Basically the Pinatubo base-case is giving a seg-fault on the 1st timestep, with the
128-core (xprb-r) and 256-core (xprb-s) debug-settings-compiled jobs both giving
near-identical behaviour.
With the info re: the change in behaviour of the slurm system to no-longer pass-on the
ntasks-per-mode settings, I also tried re-running both with OpenMP switched off, this
requiring a different compiler over-ride file, but although the no-OMP equivalent jobs
do get slightly further, still both fail on the 1st timestep, see xprb-p (128-core) and
xprb-q (256-core)
I did try to run the gdb4hpc de-bugger, following the instructions at
https://docs.archer2.ac.uk/user-guide/debug/#gdb4hpc
But trying both methods to either “attach” the de-bugger to the running job, and
running the debugger directly, I couldn’t get the gdb4hpc system to co-run with
the executable.
I had hoped to run the totalview de-bugger, and this worked well at v7.3
(from modifying the qsexecute script, to add the totalview syntax around the aprun
command on HECToR phase 3).
Unfortunately, I could not see any info on totalview on the ARCHER2 system, but
I guess it will be possible to install this locally, to try this out, with help from ARCHER2 support).
I’m just raising this query here, to ask whether it might simply be that I need to add in some
additional flags, either within the compiler over-ride, or another machine over-ride or hand-edit
I checked-back Ros Hatcher’s job xoxta, and I could see there this was run in June, but also
failed at run-time, although it looks like it had not yet reached the run-stage.
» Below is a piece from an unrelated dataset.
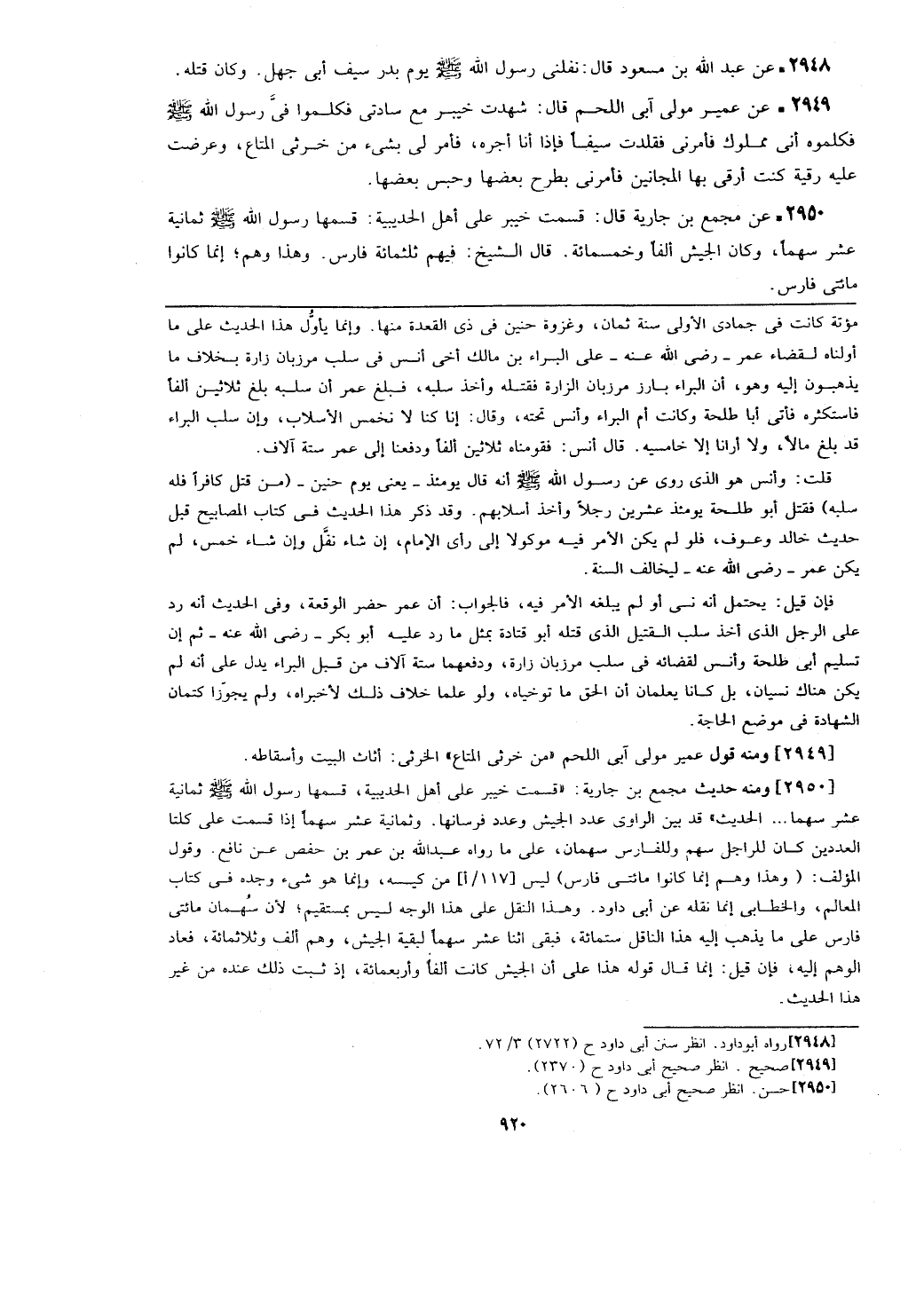 قلت وأنس هو الذي روى عن رسول الله - صلى الله عليه وسلم - أنه قال يومئذ - يعني يوم حنين - (من قتل كافرا فله سلبه) فقتل أبو طلحه يومئذ عشرين رجلا وأخذ أسلابهم. وقد ذكر هذا الحديث في كتاب المصابيح قبل حديث خال وعوف، فلو لم يكن الأمر فيه موكلا إلى رأي الإمام، أن شاء الله نفل وإن شاء خمس، لم يكن عمر- رضي الله عنه - ليخالف السنة.

Note that I had to do the re-configuration step interactively from ARCHER2, via a
sbatch umuisubmit_rcf from the umui_runs directory, because the re-configuration
step launched when submitting from the UMUI did not complete.
I also had to increase the number of nodes to 4 for the reconfiguration (for the 256-core job)
to get the reconfiguration to work.
If you look in the /work/n02/n02/gmann/output directory you see the sequence of test-runs,
and the corresponding error messages etc. at the various stages of testing re; the above
test jobs xprbt, xprbs, xprbr, xprbq and xprbp.
When checking back to the original xoxta job from Ros, I noticed the revision number for
the FCM “container” had changed, since I originally copied the job.
And I have updated that sequence of jobs xbrb-s, -r, -q and -p for that updated container revision number, but the earlier jobs xprbt, and the Agung test jobs xprb-g, xprb-d etc.
will still have the original container FCM revision number.
Please can someone in the team try running cp of the reference GA4 UM-UKCA Job (xoxta)
and refer to the differences in the test jobs xprb-r etc., re: compiler over-ride file, and see
if the same error is given, to then seek assistance from the ARCHER2 team, if needed.
I realise the ARCHER2 system is down for maintenance today, and am having to prioritise
teaching matters for the next 2 weeks (after the suspension of the UCU
marking & assessment boycott).
However, I will be able to reply to messages either here or via email.
Thanks a lot for your help with this,
Best regards,
Dr. Graham Mann
Lecturer in Atmospheric Science
University of Leeds